Nowicki also asserts that based on an Eighth Circuit holding that a subrogation right applies only to the amount paid before the date of the settlement with third parties, his subrogation only applies to medical expenses incurred before the settlement agreement. (Pl. Mem. Supp. Summ. J. at 17) (citing Shell, 43 F.3d at 364.) In this case, because the Court has determined that the Trustees did not base their decision solely on the subrogation agreement, the Court need not reach this issue.
4. Attorneys' Fees
The decision whether to award attorneys' fees is within the Court's discretion. Hogan v. Raytheon Co., 302 F.3d 854, 857 (8th Cir. 2002). In exercising this discretion, the Court considers five factors (1) the degree of the opposing parties' culpability or bad faith; (2) the ability of the opposing parties to satisfy the award of attorney's fees; (3) whether an award of attorney's fees against the opposing parties could deter other persons acting under similar circumstances; (4) whether the parties requesting attorneys fees sought to benefit all participants and beneficiaries of an ERISA plan or to resolve a significant legal question regarding ERISA itself; and (5) the relative merits of the parties' positions. Lawrence v. Westerhaus, 749 F.2d 494, 496 (8th Cir. 1984.)
The Court declines to award attorneys fees in this case. There is no evidence to indicate that Nowicki brought this claim in bad faith. As an individual, even considering the settlement he received, he does not appear to be in a position to pay additional attorneys' fees. Further, the parties both presented legitimate arguments to the Court. Thus, the Court finds that this is not the type of case which warrants an award of attorneys' fees and the Fund's request is denied.

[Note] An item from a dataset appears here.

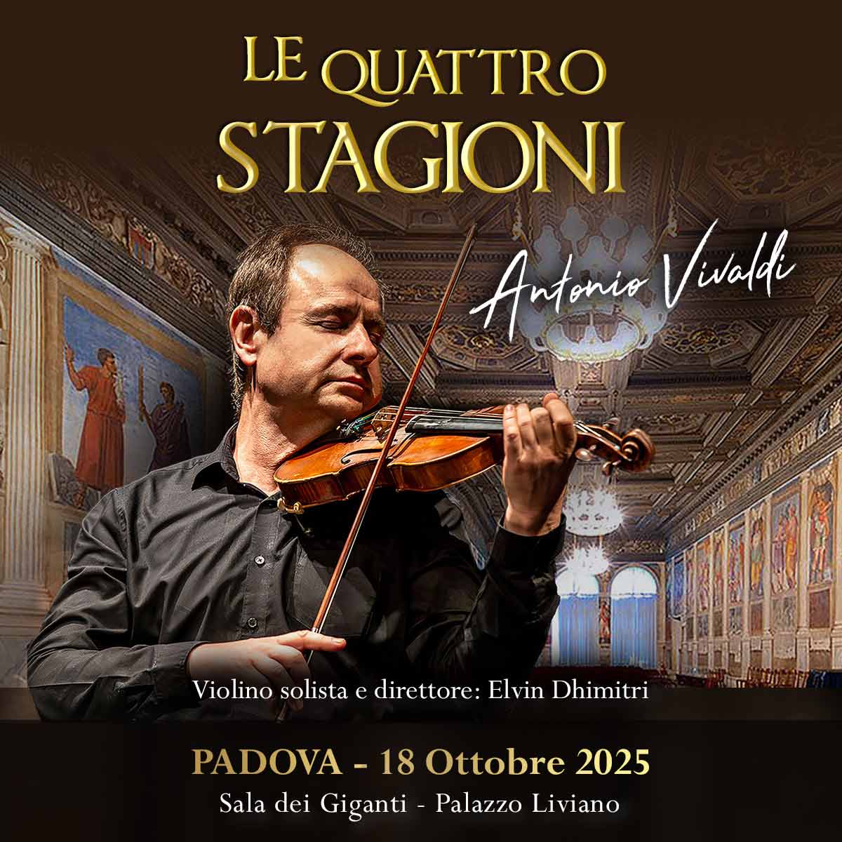 Vivi la potenza evocativa ed emozionante delle "Quattro Stagioni" di Antonio Vivaldi nella splendida sala dei Giganti del Palazzo Liviano di Padova. L’opera più celebre e rivoluzionaria di Vivaldi, l’esempio più alto di musica barocca italiana, eseguita dall`ensemble di Opera e Lirica, con quintetto d’archi e clavicembalo. Violino solista e direttore: Elvin Dhimitri.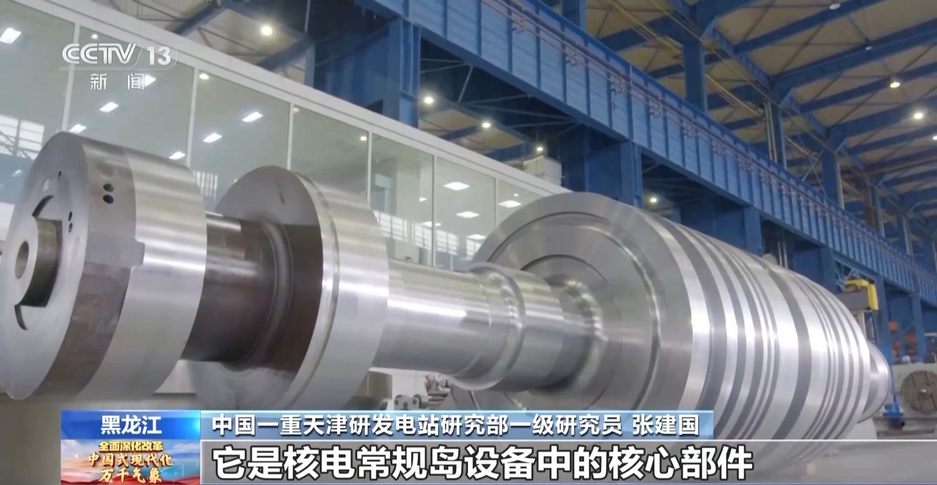 中国一重天津研发电站研究部一级研究员 张建国:它是核电常规岛设备中的核心部件,整体锻造,没有焊缝,它的内部要求,打个比方,相当于我们在一个100平方米的房子中充满面粉,但是不允许存在米粒大小的杂质,现在世界仅有几个国家可以进行生产,我们经过技术攻关,掌握了这个核心制造技术,单支转子可以节约外汇成本50%以上。

Accordingly, based upon the files, records, and proceedings herein, IT IS HEREBY ORDERED that:
1. Plaintiff's Motion for Summary Judgment [Docket No. 18] is DENIED;
2. Defendant's Motion for Summary Judgment [Docket No. 23] is GRANTED IN PART AND DENIED IN PART;
a. Motion for Summary Judgment is GRANTED as to all counts of the Complaint and the Complaint is dismissed with prejudice.
b. Motion for Attorneys' Fees is DENIED.
LET JUDGMENT BE ENTERED ACCORDINGLY.